Stored data entries
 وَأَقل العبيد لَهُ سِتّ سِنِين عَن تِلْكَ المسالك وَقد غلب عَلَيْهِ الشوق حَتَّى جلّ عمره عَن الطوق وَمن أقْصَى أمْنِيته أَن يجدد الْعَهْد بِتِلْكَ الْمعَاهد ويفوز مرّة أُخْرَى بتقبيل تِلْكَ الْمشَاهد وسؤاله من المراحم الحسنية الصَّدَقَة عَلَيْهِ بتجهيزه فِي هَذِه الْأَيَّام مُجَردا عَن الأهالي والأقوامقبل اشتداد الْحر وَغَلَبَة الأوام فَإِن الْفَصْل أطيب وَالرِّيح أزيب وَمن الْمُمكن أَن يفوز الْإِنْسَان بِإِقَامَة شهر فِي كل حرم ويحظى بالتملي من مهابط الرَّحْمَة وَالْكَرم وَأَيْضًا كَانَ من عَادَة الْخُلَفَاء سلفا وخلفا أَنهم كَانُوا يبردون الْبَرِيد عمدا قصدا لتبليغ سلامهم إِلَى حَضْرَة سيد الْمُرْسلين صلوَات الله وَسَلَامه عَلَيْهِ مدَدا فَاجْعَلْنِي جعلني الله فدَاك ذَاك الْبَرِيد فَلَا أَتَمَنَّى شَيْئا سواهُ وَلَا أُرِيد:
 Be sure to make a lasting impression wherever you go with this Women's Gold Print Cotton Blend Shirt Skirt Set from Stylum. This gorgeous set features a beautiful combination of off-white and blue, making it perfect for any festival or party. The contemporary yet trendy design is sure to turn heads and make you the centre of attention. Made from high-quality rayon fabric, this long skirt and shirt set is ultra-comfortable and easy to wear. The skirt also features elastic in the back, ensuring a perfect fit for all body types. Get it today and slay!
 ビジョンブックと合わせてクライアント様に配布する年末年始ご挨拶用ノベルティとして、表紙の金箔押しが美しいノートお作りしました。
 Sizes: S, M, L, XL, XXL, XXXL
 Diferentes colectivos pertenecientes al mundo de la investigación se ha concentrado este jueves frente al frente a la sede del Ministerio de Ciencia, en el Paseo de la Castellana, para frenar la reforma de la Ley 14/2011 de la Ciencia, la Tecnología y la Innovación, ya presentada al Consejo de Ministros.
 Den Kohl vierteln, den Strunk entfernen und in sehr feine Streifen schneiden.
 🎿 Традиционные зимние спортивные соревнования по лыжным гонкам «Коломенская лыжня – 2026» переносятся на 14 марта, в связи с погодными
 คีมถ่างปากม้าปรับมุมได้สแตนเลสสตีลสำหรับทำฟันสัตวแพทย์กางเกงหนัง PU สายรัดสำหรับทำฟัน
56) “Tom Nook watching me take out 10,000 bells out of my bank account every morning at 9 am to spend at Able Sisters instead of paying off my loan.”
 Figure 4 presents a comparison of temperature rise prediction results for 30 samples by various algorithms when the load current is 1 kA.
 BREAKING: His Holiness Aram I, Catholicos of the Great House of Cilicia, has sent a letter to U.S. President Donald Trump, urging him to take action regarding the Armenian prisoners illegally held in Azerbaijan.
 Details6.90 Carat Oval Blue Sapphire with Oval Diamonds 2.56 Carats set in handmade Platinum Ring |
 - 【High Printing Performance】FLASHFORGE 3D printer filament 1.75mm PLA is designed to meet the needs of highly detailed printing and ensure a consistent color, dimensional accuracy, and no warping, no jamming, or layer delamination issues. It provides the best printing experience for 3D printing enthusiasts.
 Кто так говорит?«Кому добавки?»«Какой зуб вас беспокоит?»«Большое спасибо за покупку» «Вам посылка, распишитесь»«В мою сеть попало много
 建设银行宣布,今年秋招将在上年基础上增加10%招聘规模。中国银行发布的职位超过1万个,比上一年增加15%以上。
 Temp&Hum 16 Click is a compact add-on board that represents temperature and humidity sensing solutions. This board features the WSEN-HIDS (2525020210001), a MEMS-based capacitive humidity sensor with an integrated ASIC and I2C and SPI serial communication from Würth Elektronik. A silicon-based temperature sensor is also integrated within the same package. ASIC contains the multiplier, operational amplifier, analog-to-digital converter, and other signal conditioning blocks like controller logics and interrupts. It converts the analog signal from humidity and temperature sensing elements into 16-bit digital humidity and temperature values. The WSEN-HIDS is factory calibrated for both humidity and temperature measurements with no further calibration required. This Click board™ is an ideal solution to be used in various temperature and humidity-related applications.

#### HOW TO COMPLETE THIS TASK:
Copy out only the lines of the records above from the one with "сеть попало много" through the one with "建设银行宣布,今年秋招将在上", exactly as they stand, both included.

#### COMPLETED TASK:
 Кто так говорит?«Кому добавки?»«Какой зуб вас беспокоит?»«Большое спасибо за покупку» «Вам посылка, распишитесь»«В мою сеть попало много
 建设银行宣布,今年秋招将在上年基础上增加10%招聘规模。中国银行发布的职位超过1万个,比上一年增加15%以上。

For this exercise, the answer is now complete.